The three miRNAs in the predictive signature identified in this study have been shown to be dysregulated in CRC and other cancer in previous studies, which indicates their biological relevance. miR-31 was found to be upregulated in CRC and was associated with advanced disease stage and deeper invasion of tumors [18, 34]. Increased expression of the miR-17-92 cluster which encompasses six miRNAs (miR-17, miR-18a, miR-19a, miR-20a, miR-19b-1, and miR-92a-1) has been reported to be associated with microsatellite stable colon tumors, neoplastic transformation of colonic epithelium, and adenoma to carcinoma progression [3537]. A single miRNA (miR-17) representative of the six transcripts in the miR-17-92 cluster was chosen for validation as co-expression of these polycistronic transcripts is a well-established feature of cancer regulatory networks [26, 37, 38]. Interestingly, fluorouracil (5-FU), which has been the cornerstone of CRC medical treatment since the late 1950s and remains to be the backbone of current treatment regime, was reported to downregulate the expression of the miR-17-92 cluster in a dose-dependent manner [39]. A better understanding of the interaction between these miRNAs and 5-FU may provide novel therapeutic insights. In contrast to both miR-31 and miR-17-92, miR-139-5p has not been previously shown to be dysregulated in CRC. Our finding of reduced miR-139-5p expression in colorectal tumors is in keeping with its reported tumor suppressor roles in gastric and endometrial adenocarcinomas [40, 41]. Despite the difference in our profiling methodology compared to previous studies, a number of miRNAs found to be dysregulated in our study overlap with previous reports, highlighting the consistency of the findings [42, 43]. Rather than using hybridization array platforms, the microarray chosen for use in this study was a PCR-based microfluidic system. The increased sensitivity, specificity and dynamic range facilitated by RT-qPCR made it an attractive alternative to more traditional hybridization methodologies.

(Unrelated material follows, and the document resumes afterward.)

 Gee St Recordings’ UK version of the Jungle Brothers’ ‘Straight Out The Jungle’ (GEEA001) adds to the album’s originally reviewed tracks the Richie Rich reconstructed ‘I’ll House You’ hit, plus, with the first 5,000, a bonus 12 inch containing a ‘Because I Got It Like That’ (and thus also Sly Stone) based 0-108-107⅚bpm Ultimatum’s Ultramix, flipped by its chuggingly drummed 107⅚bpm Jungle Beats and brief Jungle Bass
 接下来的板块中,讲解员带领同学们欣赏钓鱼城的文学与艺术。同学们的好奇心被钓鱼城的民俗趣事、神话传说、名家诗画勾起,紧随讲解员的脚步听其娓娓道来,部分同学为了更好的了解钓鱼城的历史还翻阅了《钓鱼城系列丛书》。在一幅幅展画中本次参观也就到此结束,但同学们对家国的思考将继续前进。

The recent discovery of the presence of miRNAs in the circulation has generated much scientific and clinical interest. MiRNAs have been shown to be stable non-invasive biomarkers for early diagnosis and potentially postoperative monitoring of cancer patients [4446]. Intriguingly, two separate studies to date have reported that plasma miR-92 is a sensitive marker that discriminates between CRC patients and normal controls [47, 48]. This has major clinical implications in the early diagnosis of CRC. Furthermore, circulating miRNAs levels have been demonstrated to correlate with tumor miRNAs expression [46, 47]. The signature predictive of tumor status generated in our study consists of the miR-17-92 cluster, which is in keeping with its predictive role in the plasma.

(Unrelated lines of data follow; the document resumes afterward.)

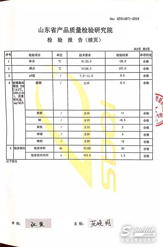 这次防冻液的抽检是由山东省市场监督管理局发起的,由山东省产品质量检验研究院来进行随机抽样,并在现场就对所抽样品进行封条处理,按照 GB 29734-2013《机动车发动机冷却液》为检验依据,以CCGF 606.4-2015《机动车发动机冷却液产品质量监督抽查实施规范》为判定依据。经过研究院的仔细化验与勘察,得出以下检验结论:经抽样检验,该产品所检项目符合GB 29734-2013《机动车发动机冷却液》标准要求,依据CCGF 606.4-2015《机动车发动机冷却液产品质量监督抽查实施规范》判定为合格。整个过程公开且透明,再一次用实际证明了金球石化的非凡实力。
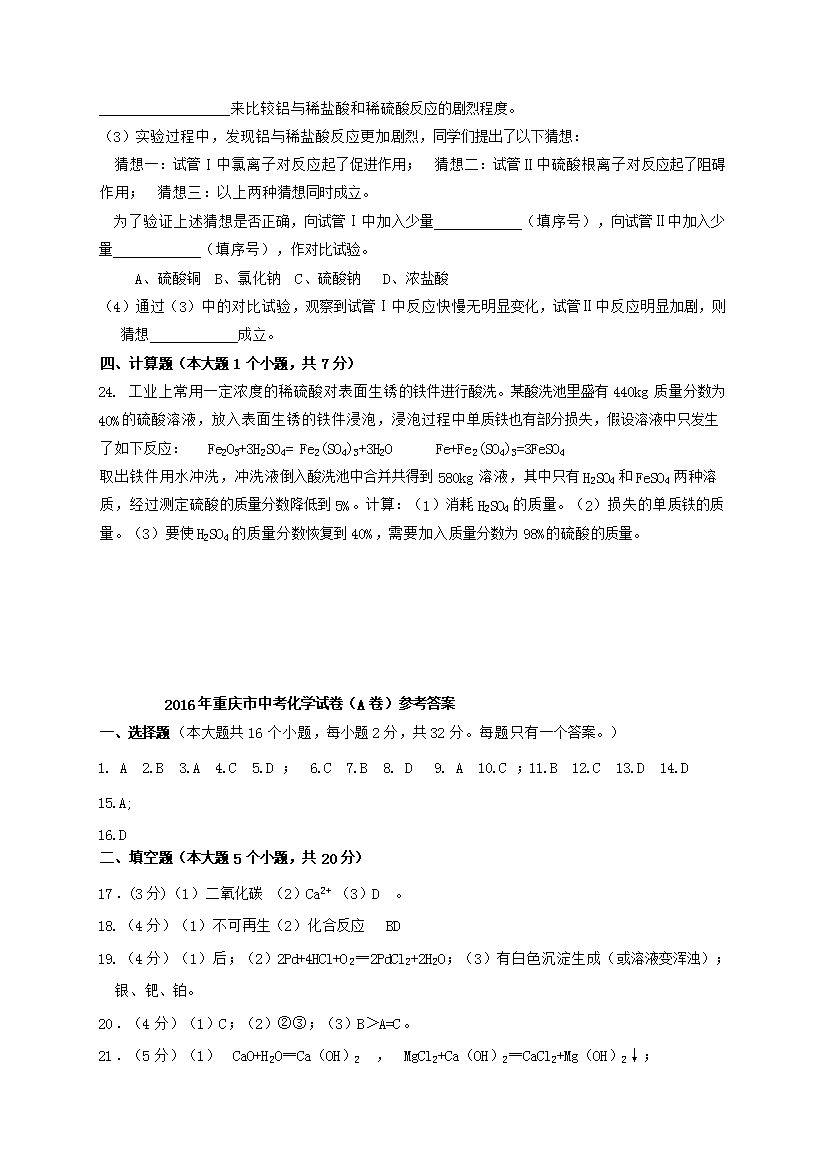 【文档预览】 无忧考网整理发布2016年重庆渝中中考化学试题及答案A卷(Word版),前五页预览如下:
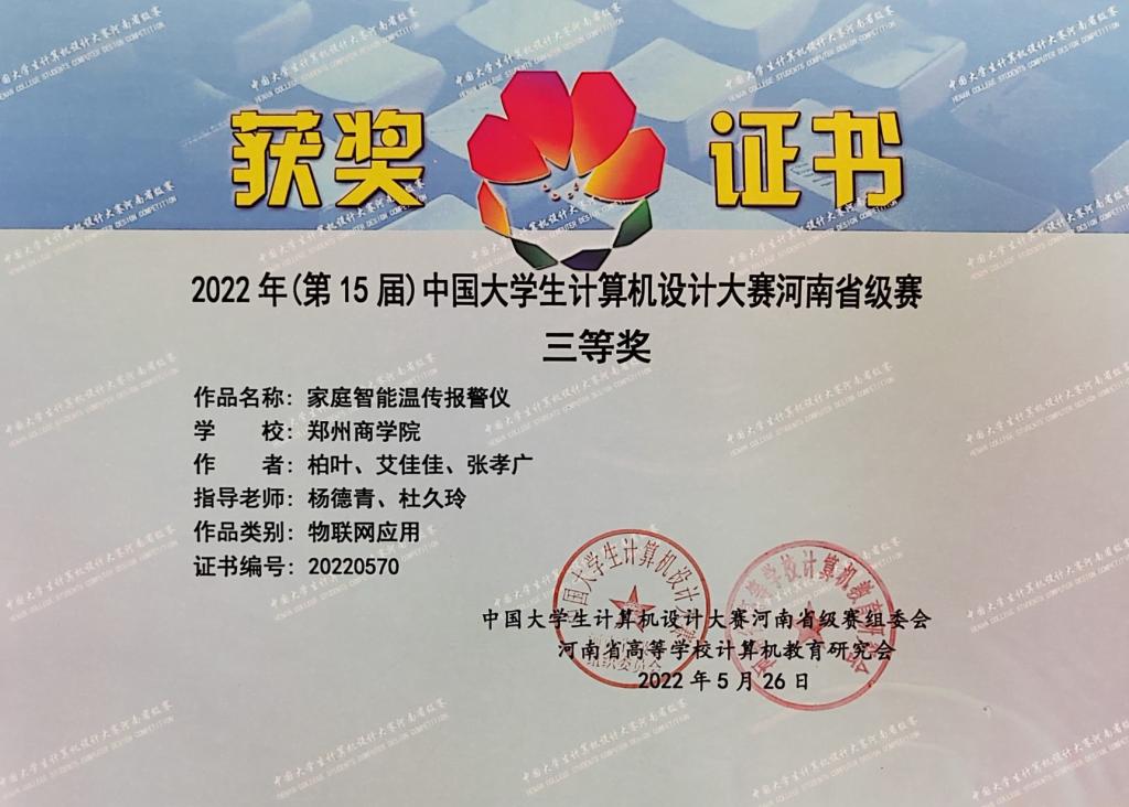 我院在张伟华院长的带领下,挑选出电子信息工程和通信工程专业的六名学生郭可盈、王心乐、杨志祯、柏叶、艾佳佳、张孝广分为两队参加该赛项中的物联网应用方向,并分别取得河南省赛三等奖的优异成绩。张圆圆、杜久玲、杨德青三位老师获得“优秀指导教师”荣誉。
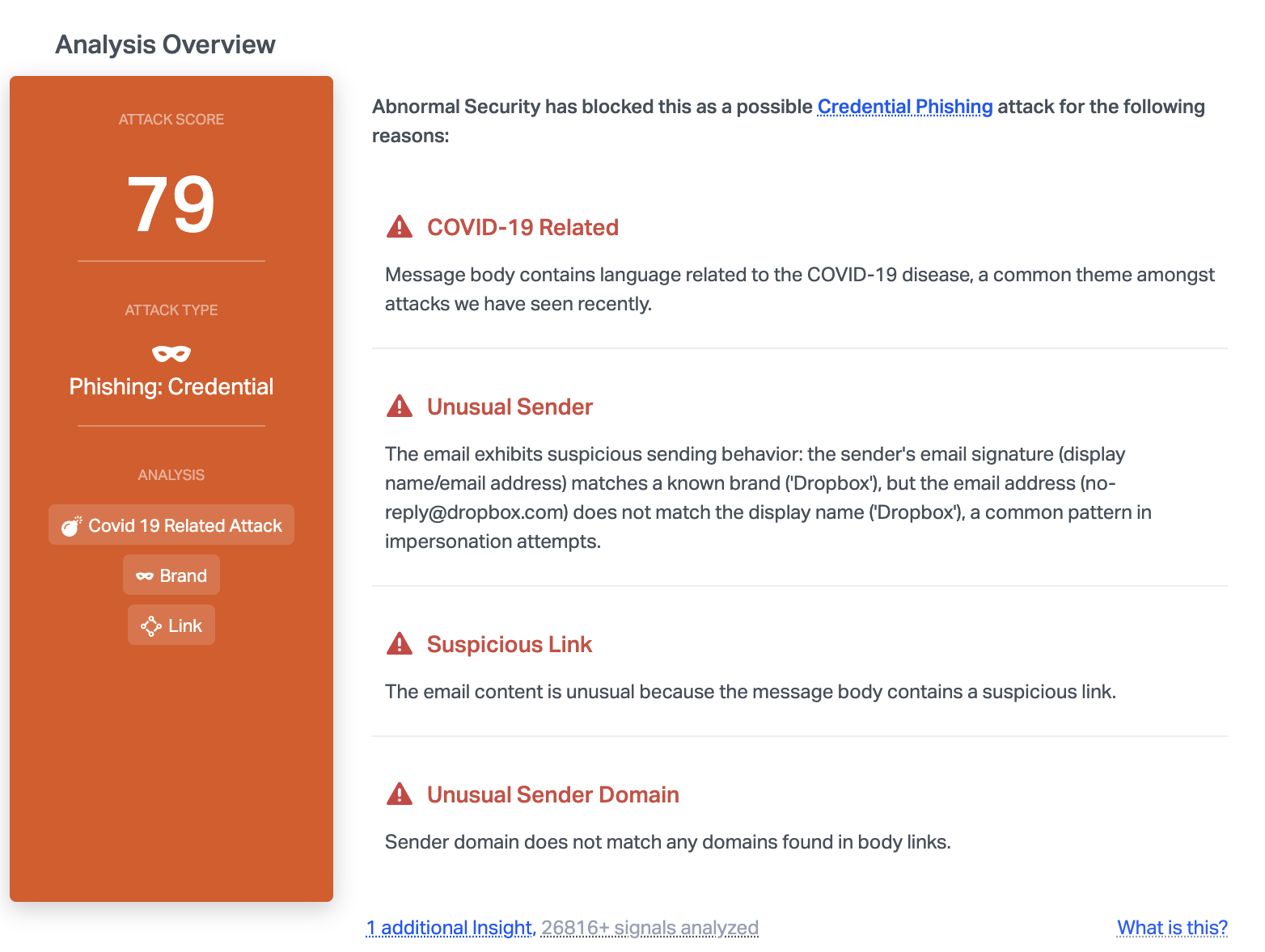 Abnormal can stop this attack due to the unusual sender domain where it does not match any domains found in body links. In addition, the content of the email is related to COVID-19, a common theme right now for cyber attackers who are looking to take advantage of the pandemic.
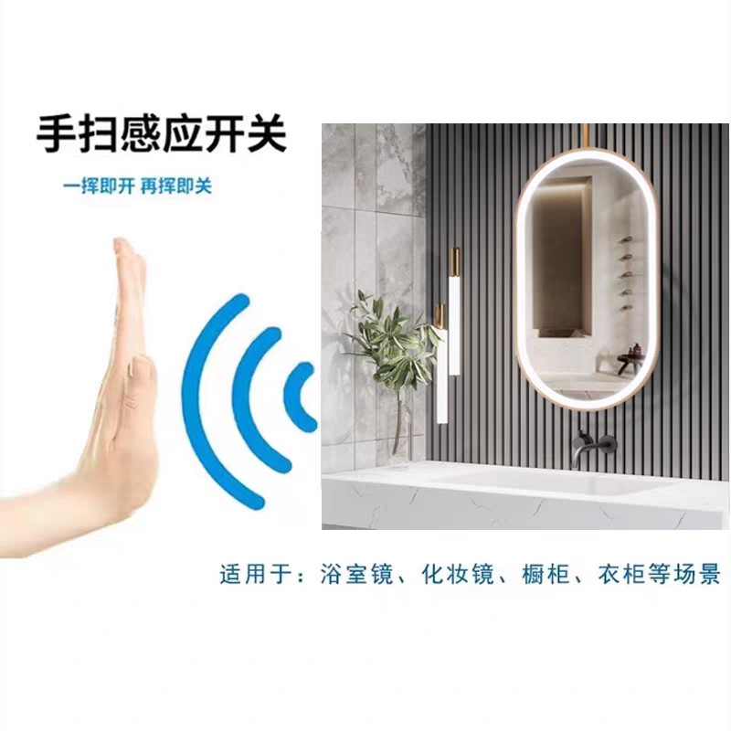 新款玻璃鏡片滑動開關衛浴鏡智慧型感應開關浴室淨手掃感應燈光開關
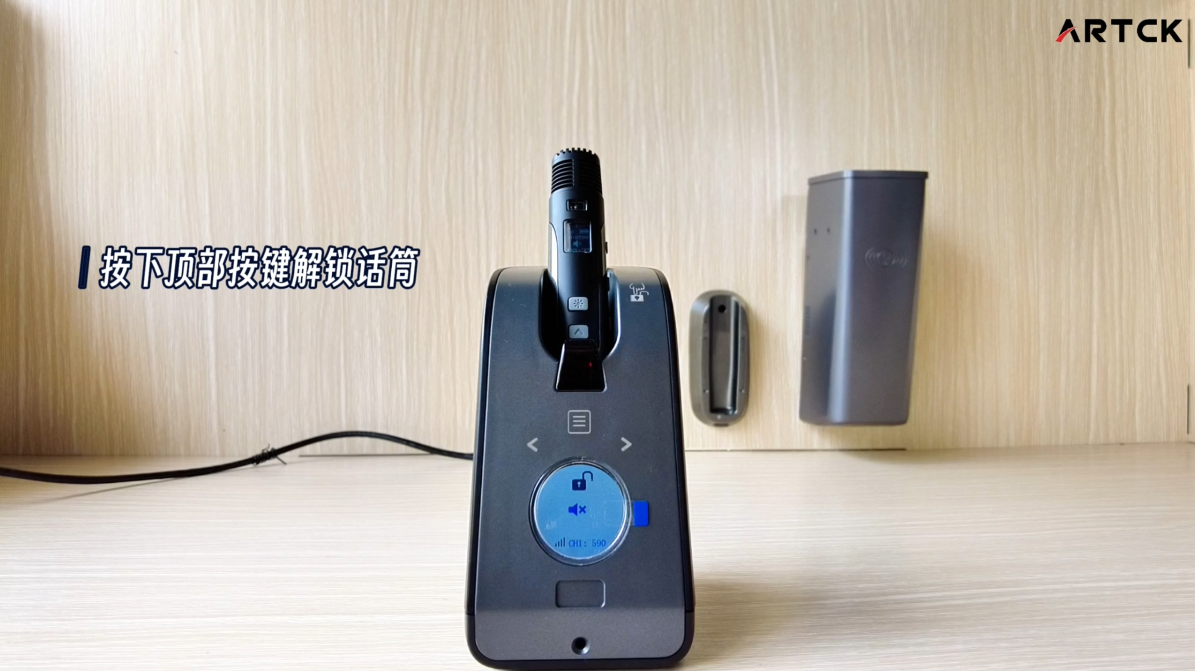 2.按下頂部按鍵解鎖話筒

In conclusion, this study demonstrates that a RT-qPCR-based microarray platform and ANN analysis generated a miRNA signature predictive of tumor status in stage II CRC. Differential miRNA expression and association of specific miRNAs with clinicopathological features indicates their biological relevance in tumor development, growth, progression and invasion. This highlights their potential for development as novel biomarkers to better stratify patients at increased risk of disease recurrence to guide adjuvant therapy. Increasing understanding of the miRNA–mRNA regulatory mechanisms may provide a novel individual-based therapeutic strategy.